1. Beijing Key Laboratory of Occupational Safety and Health, Institute of Urban Safety and Environmental Science, Beijing Academy of Science and Technology, Beijing 100054, China.
2. School of Public Health, Shanxi Medical University, Taiyuan, Shanxi 030001, China.
3. National Center for Occupational Safety and Health, NHC, Beijing 102308, China.

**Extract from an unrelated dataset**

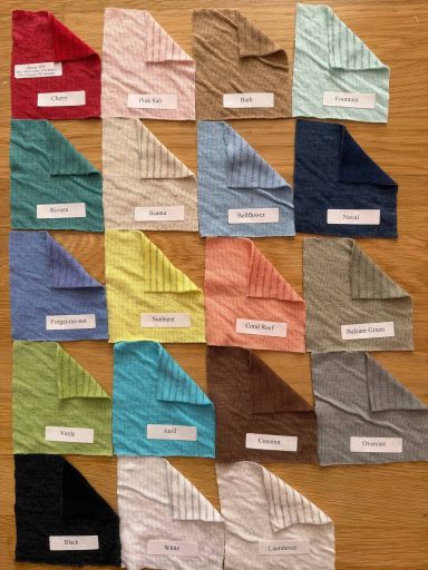 | Grey Stripe Doublecloth | Atoll, Balsam Green, Bark, Bellflower, Black, Cherry, Coconut, Coral Reef, Forget Me Not, Fountain, Jicama, Laundered, Naval, Overcast, Pink Salt, Riviera, Sunburst, Verde, White |

Publication Type:Experiment
Keywords: imidacloprid; HepG2 cell; non-targeted metabolomics; mTOR signaling pathway; galactose metabolism
From: Journal of Environmental and Occupational Medicine 2023;40(2):216-223
CountryChina
Language:Chinese
Abstract: Background Imidacloprid is a neonicotinoid insecticide that is widely used in agricultural production, with a high detection rate in human biological samples. Previous studies have shown a high correlation between imidacloprid exposure and liver injury, but the specific mechanism is still unknown. Objective To observe potential toxic effects of HepG2 cells and its perturbation of non-targeted metabolic profile after imidacloprid exposure, and to explore possible molecular mechanisms of hepatotoxicity of imidacloprid by analyzing invovlved biological processes and signaling pathways. Methods HepG2 cell suspension was prepared and seeded in a 96-well plate, which was divided into blank control group, dimethyl sulfoxide (DMSO) solvent control group and imidacloprid exposure groups with multiple concentrations. Each group was set with 5 parallel samples. The viability of HepG2 cells viability were determined after 8 h of exposure to different concentrationsof imidacloprid (1, 2.5, 5, 7.5, 10 mmol·L⁻¹), and the dose-effect relationship was analyzed. A proper concentration (3 mmol·L⁻¹ with 80% viability) was chosen for imidacloprid exposure, non-targeted metabolomic analysis was applied to the cultivated HepG2 cells using UHPLC-Q-TOF/MS technology, the differential metabolites between groups were screened, and the bioprocess and related signaling pathways of their enrichment were annotated using the Kyoto Encyclopedia of Genes and Genomes (KEGG) database. Results Compared to the other two groups, the survival rates of HepG2 cells in the imidacloprid exposure groups decreased. A survival rate of about 86% of HepG2 cells was found in HepG2 cells exposed to 2.5 mmol·L⁻¹ imidacloprid exposure. The non-targeted metabolomics studies showed that 61 metabolites were significantly affected in HepG2 cells after 3 mmol·L⁻¹ imidacloprid exposure, including creatine (variable importance in projection VIP=1.11, P<0.001), arginine (VIP=1.47, P=0.048), taurine (VIP=4.28, P=0.001), and α-D-glucose (VIP=1.90, P=0.006). The differential metabolites enriched in bioprocess and related signaling pathways were mainly directed to mTOR signaling pathways (P<0.001), arginine and proline metabolism (P=0.002), and galactose metabolism (P=0.015). Conclusion Imidacloprid exposure can significantly inhibit the survival rate of HepG2 cells, and interfere with the mTOR signaling pathway, arginine and proline metabolism, galactose metabolism, and so on.